Sample Collection has previously been described [24]. Briefly cervical samples were collected in LBC PreservCyt® Collection medium (Hologic) using the Cervex broom according to routine guidelines. Samples were then centrally tested by cytology within one week of collection.

Liquid based cytology

LBC was performed as described before [24] by the ThinPrep® 2000 Processor (Hologic) following the manufacturer’s instructions. Cytology results were reported using the Munich Nomenclature II and were translated into The Bethesda System (TBS) ([25]; Table 1). LBC results were considered negative when the result was Pap I/II (Normal) or Pap IIw (ASC-US); all other results were considered positive [24].
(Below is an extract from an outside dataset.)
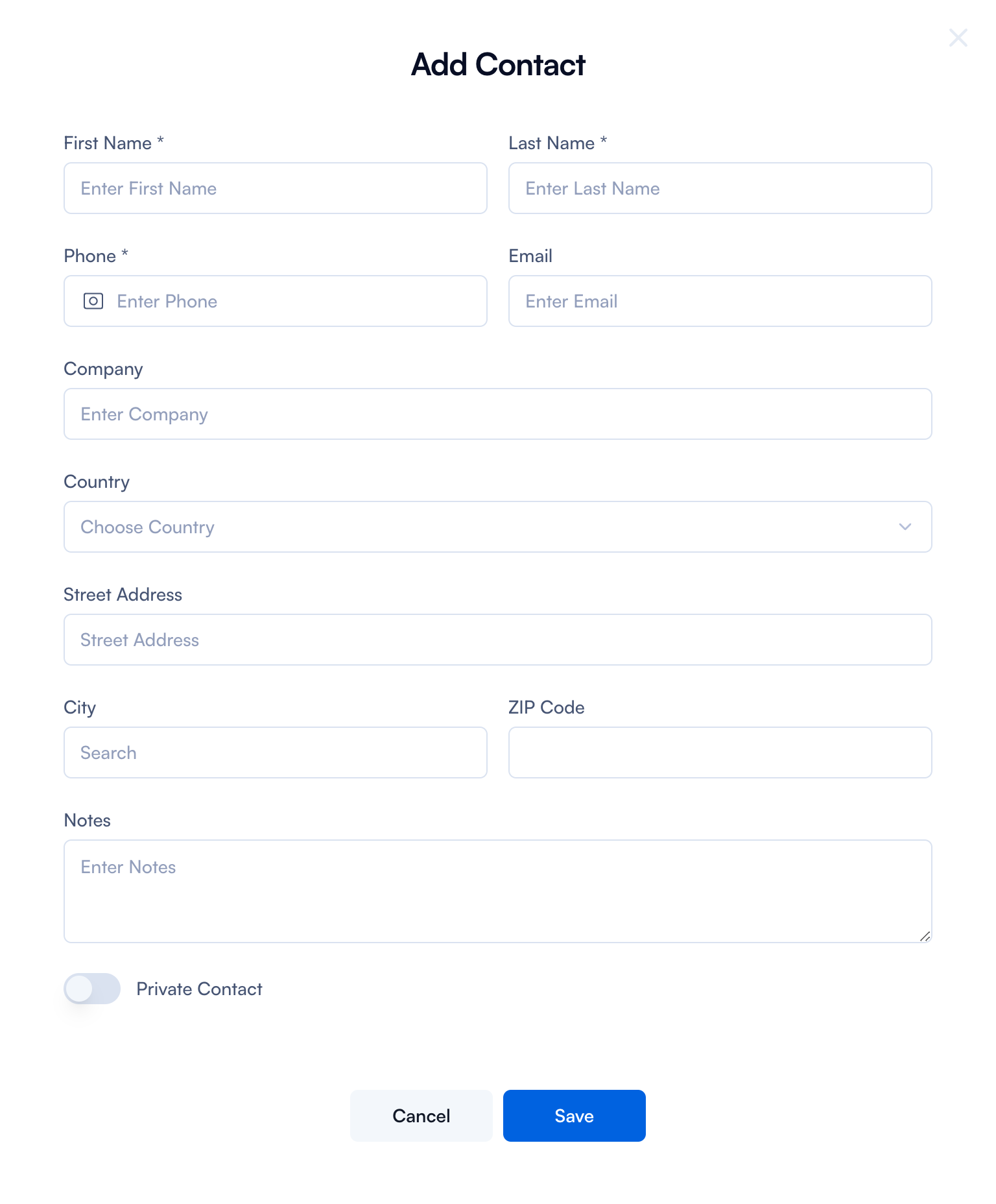 | Private toggle | Toggle this option on (blue) if you want the contact to be private. Leave it off (gray) if the contact does not need to be private. |

HPV testing and genotyping

LBC samples were tested by Abbott RealTime High Risk HPV Test (RT hrHPV) in compliance with the manufacturer’s instructions. All specimens included in this study were initially tested by RT hrHPV test and subsequently analyzed by Digene Hybrid Capture 2 High-Risk HPV DNA (HC2) test. HC2 testing has previously been described [24].
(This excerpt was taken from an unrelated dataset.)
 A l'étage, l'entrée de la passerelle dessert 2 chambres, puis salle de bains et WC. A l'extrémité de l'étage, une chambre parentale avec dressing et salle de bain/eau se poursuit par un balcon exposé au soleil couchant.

HPV genotyping was carried out using the INNO-LiPA HPV Genotyping Extra® test (Fujirebio LiPA Extra) which identifies 20 HPV genotypes classified as Group 1, 2A and 2B carcinogens (16, 18, 26, 31, 33, 35, 39, 45, 51, 52, 53, 56, 58, 59, 66, 68, 69, 70, 73, 82) and 8 low-risk HPV or intermediate risk genotypes (6, 11, 40, 43, 44, 54, 71, 74). LiPA Extra is a line blot assay based on SPF-10-PCR as described previously [26]. Strips were scanned and analyzed automatically with a flatbed scanner and the LiRAS software (Fujirebio).

Histology reviews

As detailed before all samples with an initial histology result of ≥ CIN2+ were reviewed by an independent external expert. In the case of a discrepant review reading, a second histology review was performed. If two out of three diagnoses were identical, the result was considered final [24].

Statistical analysis

As described [24] statistical analysis was performed on all samples with valid LBC, RT hrHPV and HC2 (N = 1,456) test results. To calculate the agreement between RT hrHPV and HC2, the Cohen’s kappa value (κ) was used. The Wilson score method was used to calculate 95 % confidence intervals (CI) for HPV prevalence. Moreover, clinical sensitivity and relative specificity as well as positive predictive values (PPV) and negative predictive values (NPV) were calculated according to Cuzick et al. [20] based CIN3+ histology results.

Relative performance of the two tests was measured by calculating the ratio of the sensitivity to the specificity. This ratio of the sensitivity of the two tests was defined as the True Positive rate of the first test divided by the True Positive rate of the second test. The relative specificity on the other hand, is dependent of prevalence, and was expressed as Spec(RT hrHPV)/Spec(HC2) = (0.818-Prevalence)/(0.800 - Prevalence). The delta method was used to determine confidence intervals. A full description of this method has previously been published [24]. Statistical analysis of the relative sensitivity and specificity was calculated using the statistics software package R version 3.0.2.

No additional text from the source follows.